Your prompt and @ references (@workspace, @file, symbols)
Repository and org custom instructions
Open files and workspace index snippets
Prior chat messages in the thread

Inline completions and next-edit suggestions typically cost less than full chat/agent turns—use them when the task is local to one file.

Agent mode runs multi-step tool loops; each step can consume premium requests and attach growing context. Treat agent mode as expensive relative to inline.

1. Measure first

Where to look:

GitHub → Settings → Copilot → Usage (individual)
Org admin: Copilot metrics and premium request analytics
IDE Copilot panel — premium request indicators when shown

After a heavy week, check whether premium requests burned on agent mode, @workspace chat, or frontier model defaults. That tells you which section below to prioritize.

2. Match the model to the task

Copilot model choice depends on plan and IDE version. This is Copilot’s version of Model routing: use the cheapest surface that works.

Start here:

Inline completions — line-level and small block edits
Copilot Edits — single-file or small multi-file guided changes
Chat (default model) — explanations, scoped questions
Agent mode — multi-step refactors, cross-repo tasks that truly need autonomy

Costs more than you expect:

Agent mode for one-line fixes
@workspace on every question
Chat when inline would answer
Premium / advanced models for routine refactors

Enterprise admins can restrict agent mode or model access—use org lint rules for teams that over-use agent chat.

3. Trim what rides along every request

Input bloat in Copilot usually comes from custom instructions and @workspace—not your prompt text alone.

Custom instructions

Repository instructions live in .github/copilot-instructions.md and org-level policies.

Keep instructions short — build commands, test entry points, architecture summary
Do not paste entire CONTRIBUTING guides into instructions
Align with existing linters instead of duplicating style rules in prose

`@workspace` vs `@file`

@workspace pulls broad codebase context—expensive for narrow fixes.

Prefer @filename or symbol references
Prompt: “in auth/login.ts only” beats “anywhere in the repo”
Let Copilot search when needed rather than front-loading the whole tree

See Context hygiene for the general just-in-time retrieval pattern.

Chat vs inline vs agent

Match the surface to the task:

Task	Prefer
Complete this line	Inline
Refactor this function	Edits
Explain this error	Chat
Migrate module across 10 files	Agent

Starting agent mode for every task is the Copilot equivalent of unbounded agent loops.

New chat per task

Start a new chat when you finish one task and begin another or when the thread grows long.

4. Write tighter prompts

Copilot-specific versions of Prompt hygiene:

Too broad:


Fix this bug.

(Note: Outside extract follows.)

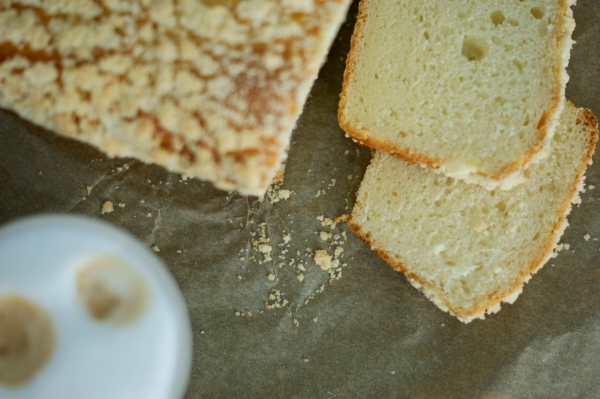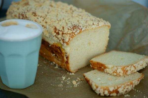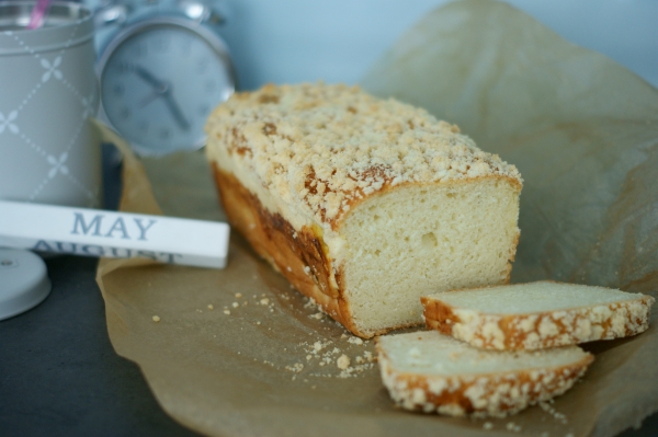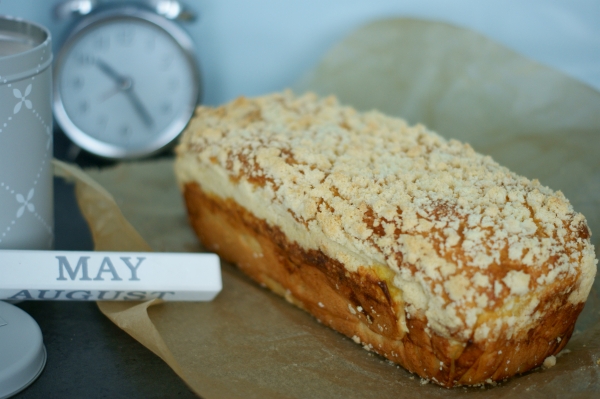 Wyrośnięte ciasto przełożyłam do keksówki wyścielonej papierem do pieczenia, posmarowałam jajkiem i posypałam kruszonką (składniki na kruszonkę roztarłam w palcach). Całość ponownie odstawiłam na 30 minut do wyrośnięcia.

Also review the whole auth system and suggest improvements.

Scoped:


Fix ONLY the null check in auth/login.ts line 42.
No explanations. Max 1 file changed.

Accept or reject edits before asking for another pass—each agent cycle may consume premium requests.

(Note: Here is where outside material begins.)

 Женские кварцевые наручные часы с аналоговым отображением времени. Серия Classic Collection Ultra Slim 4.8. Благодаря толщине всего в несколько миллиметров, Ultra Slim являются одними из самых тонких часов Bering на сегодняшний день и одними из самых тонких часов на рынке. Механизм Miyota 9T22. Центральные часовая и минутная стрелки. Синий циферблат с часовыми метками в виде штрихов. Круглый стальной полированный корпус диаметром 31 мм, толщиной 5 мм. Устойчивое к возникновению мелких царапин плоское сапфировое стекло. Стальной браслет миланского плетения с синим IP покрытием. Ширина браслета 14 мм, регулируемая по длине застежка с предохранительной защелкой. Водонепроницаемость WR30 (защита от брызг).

5. Set spending guardrails

Copilot does not enforce your product inference budget, but org admins can set Copilot policies.

Monitor premium request usage before month-end
Enterprise: disable agent mode for roles that only need inline
Enterprise: model allowlists — block Opus-class models for routine tiers
Individual: switch to inline when chat quota runs low

For metering and caps in products you ship, see Article I and Article IV.

Troubleshooting

Premium requests exhausted mid-month — agent mode and advanced chat defaults. Use inline/edits; new chat per task.

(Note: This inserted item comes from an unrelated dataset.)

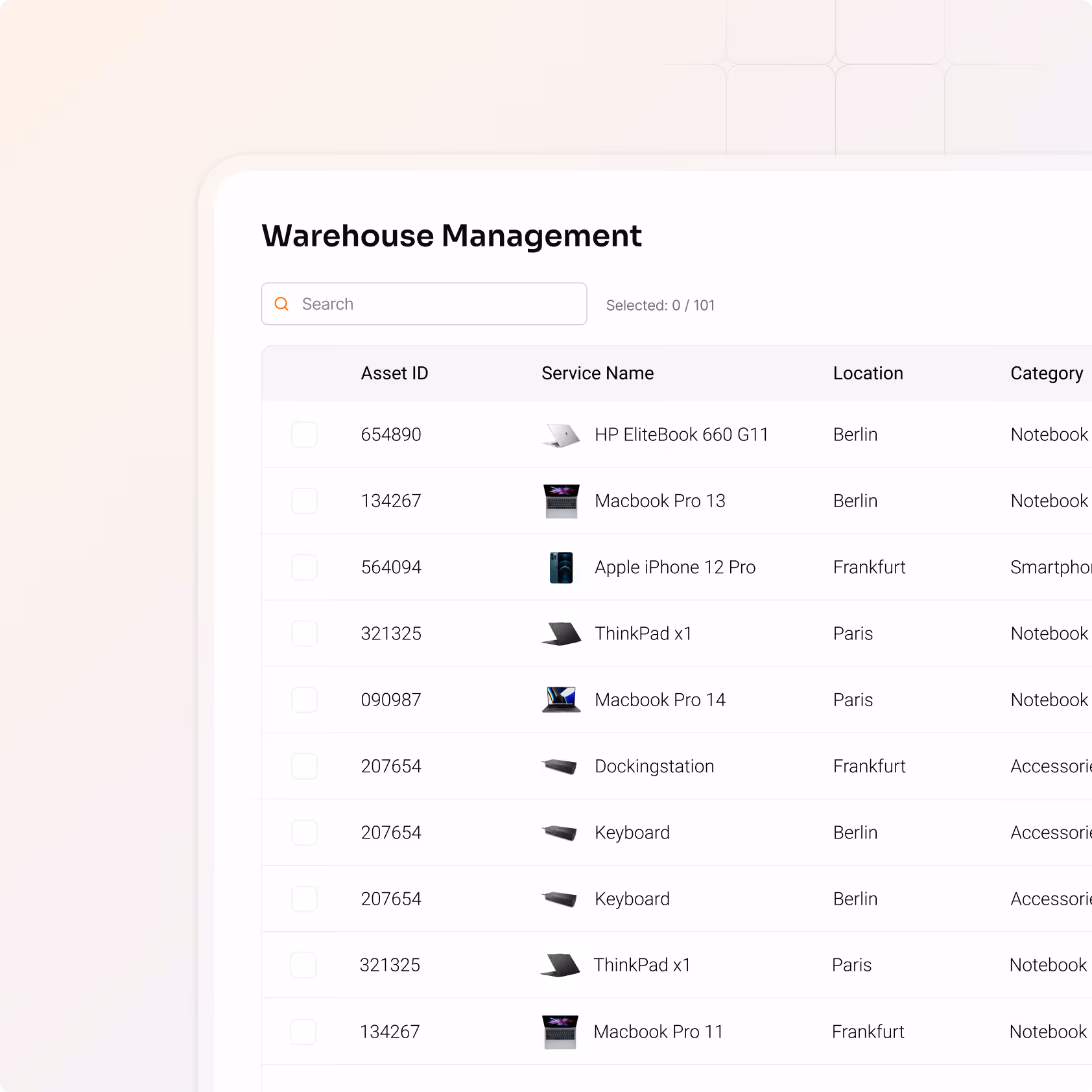 Laptops, software licenses, contracts, access rights & office equipment. One searchable source of truth for your entire inventory.

High context, slow replies — @workspace or long chat thread. Narrow @ scope; new chat.

Agent loops — scope too broad. Stop; restate acceptance criteria; use Edits instead.

Org policy blocks model — admin allowlist. Request mid-tier default for daily work.

When Copilot optimization is not enough

Trimming Copilot usage does not fix production agent loops in your own API routes. If customer-facing features dominate spend, instrument with per-feature tags and apply Context hygiene, Prompt caching, and Output and RAG. Narev provides normalized USD across providers if you need cross-provider cost math.